▶ [PROBLEM REQUIREMENTS]
Where a picture appears, skip it and copy everything else in the listing exactly.

▶ [THE DATA]

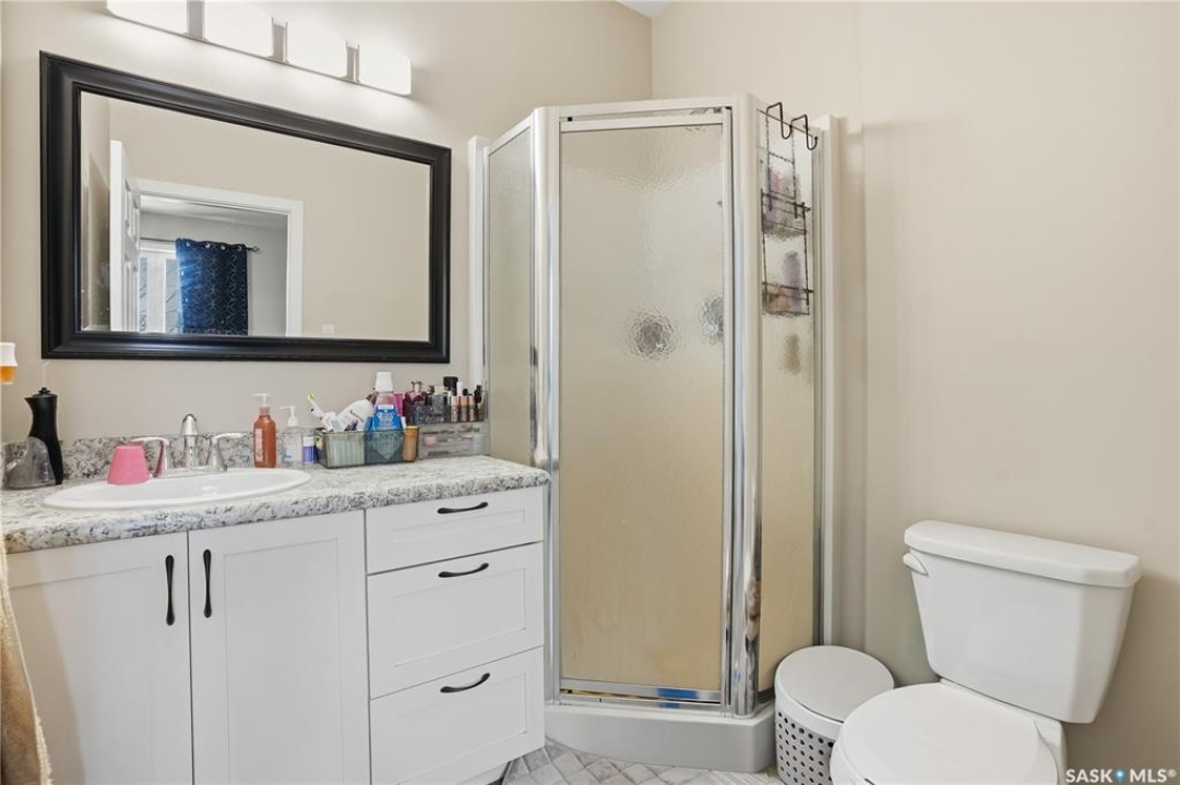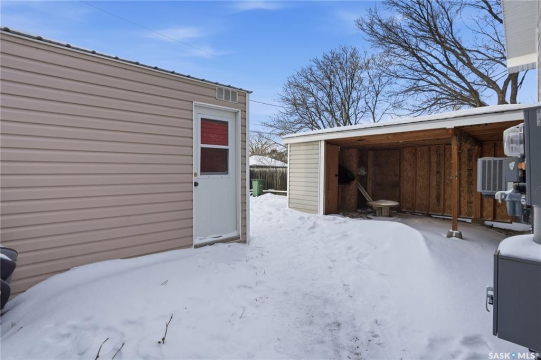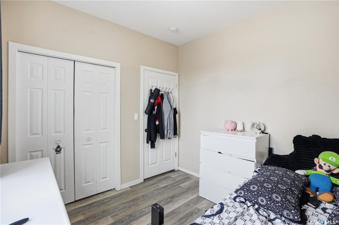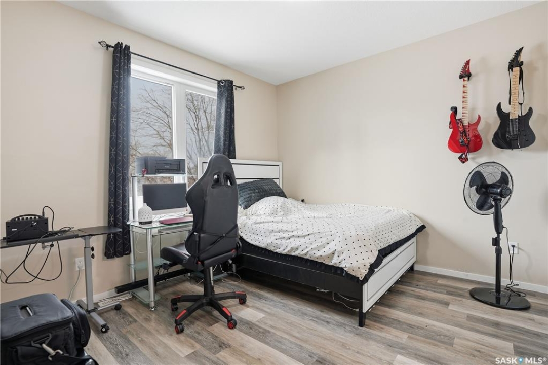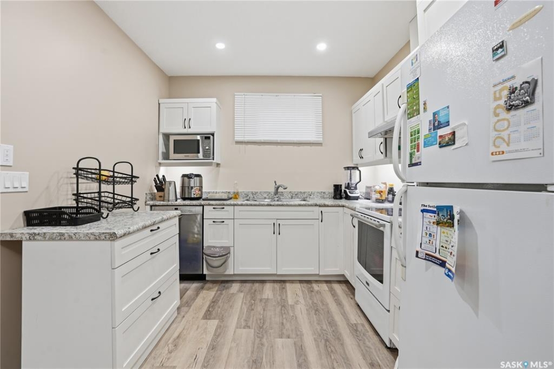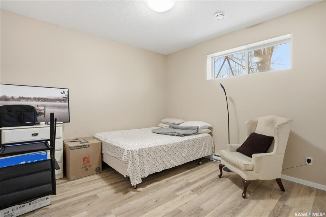Prime investment opportunity in Eastview! Built by INS Homes in 2019, this modern bungalow offers the perfect setup to live in one suite and rent out the other. The main floor features 1,242 sq ft of bright, open-concept living with vaulted ceilings, recessed lighting, and large windows that flood the space with natural light. The contemporary kitchen is finished with white cabinetry, a large eat-in island, upgraded patterned backsplash, under-cabinet lighting, and stainless steel appliances. A main-floor laundry room adds convenience, while the primary bedroom includes a walk-in closet and three-piece ensuite. Two additional bedrooms and a full bathroom complete this level, which is heated by a natural gas forced-air furnace. A private side entrance leads to the fully developed basement suite, offering a spacious layout with a bright kitchen, dining, and living area. The basement kitchen includes white cabinetry, matching appliances, stainless dishwasher, hood fan, and pantry. The suite features two bedrooms, one with a walk-in closet, a full bathroom, separate laundry, and a utility room. The yard is partially fenced with ample rear parking and back lane access. Located on a quiet Eastview street, this home is close to parks, green spaces, and the Eastview Community Centre.
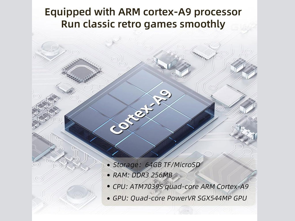 با کنسول بازی گرین تعداد بسیار زیادی بازی کلاسیک و مدرن دارد و بیش از 10 هزار بازی از کنسول‌های  CPS / FBA / FC / GB / GBA GBC / GG / MAME / MD / NEOGEO / NGPC / PCE / PS1 / SFC / SMS / WSC را پیش‌رو خواهید داشت؛ بنابراین تکرار بازی‌ها شما را کلافه نخواهد نکرد. ویژگی دیگر آن داشتن پردازنده ARM Cortex-A9 است که با پردازش سریع یک بازی همگام‌سازی شده و بدون تاخیر را تجربه خواهد کرد.
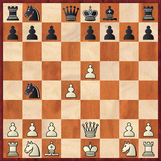 Also very interesting is 8. Qe4, “falling into Black’s trap.” After 8. … Qxd4! White of course does not play 9. Qxd4?? Nc2+ but instead plays 9. Qxb7! However, the insanity that follows is difficult to calculate. I prefer the text move because it has a clear strategic plan behind it: sacrificing a pawn for rapid development and pressure on Black’s kingside.
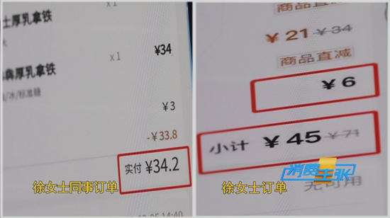 “我的同事点了两杯瑞幸咖啡,就是34元钱。我也点一下那个咖啡,但是我的支付金额应该是45元钱的样子,比朋友的价高了10元钱。”
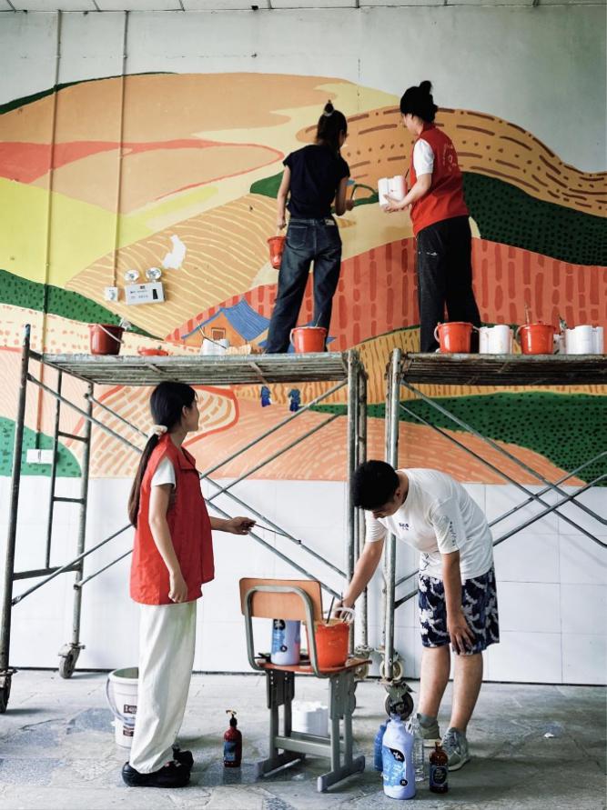 经过数日的紧张创作,三面墙绘作品终于圆满完成,墙绘的点缀不仅延伸了多功能厅的空间深度,更让观者仿佛置身于那片充满生机的田野之中,感受到了乡村振兴的勃勃生机。

▶ [OUTPUT BELOW]
Prime investment opportunity in Eastview! Built by INS Homes in 2019, this modern bungalow offers the perfect setup to live in one suite and rent out the other. The main floor features 1,242 sq ft of bright, open-concept living with vaulted ceilings, recessed lighting, and large windows that flood the space with natural light. The contemporary kitchen is finished with white cabinetry, a large eat-in island, upgraded patterned backsplash, under-cabinet lighting, and stainless steel appliances. A main-floor laundry room adds convenience, while the primary bedroom includes a walk-in closet and three-piece ensuite. Two additional bedrooms and a full bathroom complete this level, which is heated by a natural gas forced-air furnace. A private side entrance leads to the fully developed basement suite, offering a spacious layout with a bright kitchen, dining, and living area. The basement kitchen includes white cabinetry, matching appliances, stainless dishwasher, hood fan, and pantry. The suite features two bedrooms, one with a walk-in closet, a full bathroom, separate laundry, and a utility room. The yard is partially fenced with ample rear parking and back lane access. Located on a quiet Eastview street, this home is close to parks, green spaces, and the Eastview Community Centre.
 با کنسول بازی گرین تعداد بسیار زیادی بازی کلاسیک و مدرن دارد و بیش از 10 هزار بازی از کنسول‌های  CPS / FBA / FC / GB / GBA GBC / GG / MAME / MD / NEOGEO / NGPC / PCE / PS1 / SFC / SMS / WSC را پیش‌رو خواهید داشت؛ بنابراین تکرار بازی‌ها شما را کلافه نخواهد نکرد. ویژگی دیگر آن داشتن پردازنده ARM Cortex-A9 است که با پردازش سریع یک بازی همگام‌سازی شده و بدون تاخیر را تجربه خواهد کرد.
 Also very interesting is 8. Qe4, “falling into Black’s trap.” After 8. … Qxd4! White of course does not play 9. Qxd4?? Nc2+ but instead plays 9. Qxb7! However, the insanity that follows is difficult to calculate. I prefer the text move because it has a clear strategic plan behind it: sacrificing a pawn for rapid development and pressure on Black’s kingside.
 “我的同事点了两杯瑞幸咖啡,就是34元钱。我也点一下那个咖啡,但是我的支付金额应该是45元钱的样子,比朋友的价高了10元钱。”
 经过数日的紧张创作,三面墙绘作品终于圆满完成,墙绘的点缀不仅延伸了多功能厅的空间深度,更让观者仿佛置身于那片充满生机的田野之中,感受到了乡村振兴的勃勃生机。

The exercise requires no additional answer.